WHAT THIS TASK INVOLVES:
From the material below, reproduce exactly the stretch of lines that begins with the line holding "Размороженную кильку сложить в контейнер." and ends with the line holding "Der Generationennachmittag lädt", skipping the pictures.
─── DATA TO USE
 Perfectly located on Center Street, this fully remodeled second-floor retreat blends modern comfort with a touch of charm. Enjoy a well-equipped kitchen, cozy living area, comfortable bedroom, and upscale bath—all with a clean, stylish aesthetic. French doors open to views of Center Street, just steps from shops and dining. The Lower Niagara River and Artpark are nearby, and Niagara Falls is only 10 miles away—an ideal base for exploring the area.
──────
─── DATA TO USE
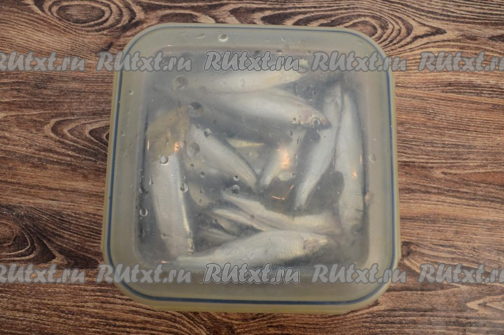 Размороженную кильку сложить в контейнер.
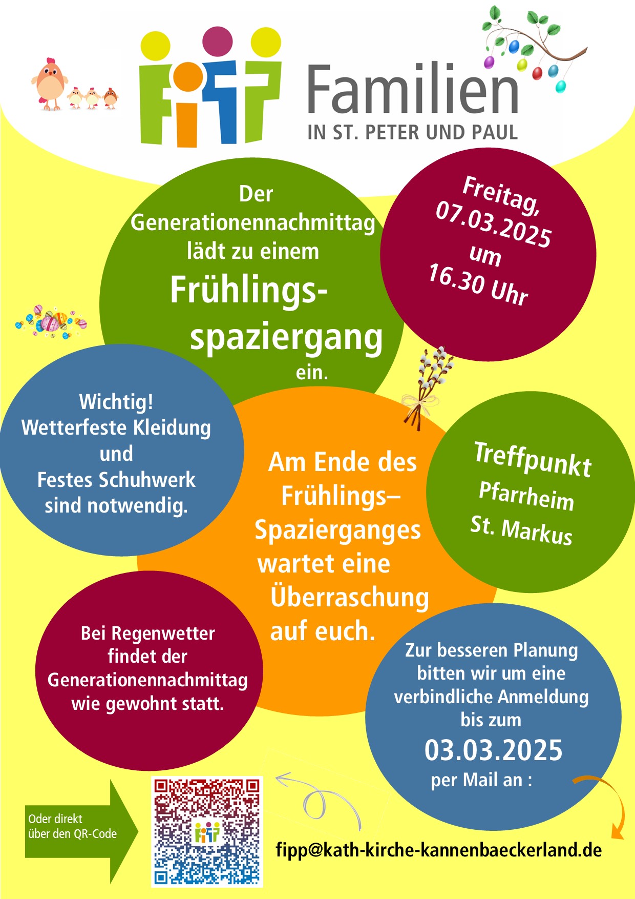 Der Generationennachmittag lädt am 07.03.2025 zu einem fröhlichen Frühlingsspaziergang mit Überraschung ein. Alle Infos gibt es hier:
──────
─── DATA TO USE
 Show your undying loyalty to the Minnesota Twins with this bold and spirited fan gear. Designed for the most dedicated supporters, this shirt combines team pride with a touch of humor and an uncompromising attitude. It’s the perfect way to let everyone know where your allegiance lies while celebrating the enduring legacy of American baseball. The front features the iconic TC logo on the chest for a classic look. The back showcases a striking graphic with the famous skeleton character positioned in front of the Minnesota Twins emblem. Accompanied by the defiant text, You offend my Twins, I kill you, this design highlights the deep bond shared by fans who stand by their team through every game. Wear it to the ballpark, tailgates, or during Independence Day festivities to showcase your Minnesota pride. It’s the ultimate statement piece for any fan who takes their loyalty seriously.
──────
SOLUTION TO THIS TASK:
 Размороженную кильку сложить в контейнер.
 Der Generationennachmittag lädt am 07.03.2025 zu einem fröhlichen Frühlingsspaziergang mit Überraschung ein. Alle Infos gibt es hier:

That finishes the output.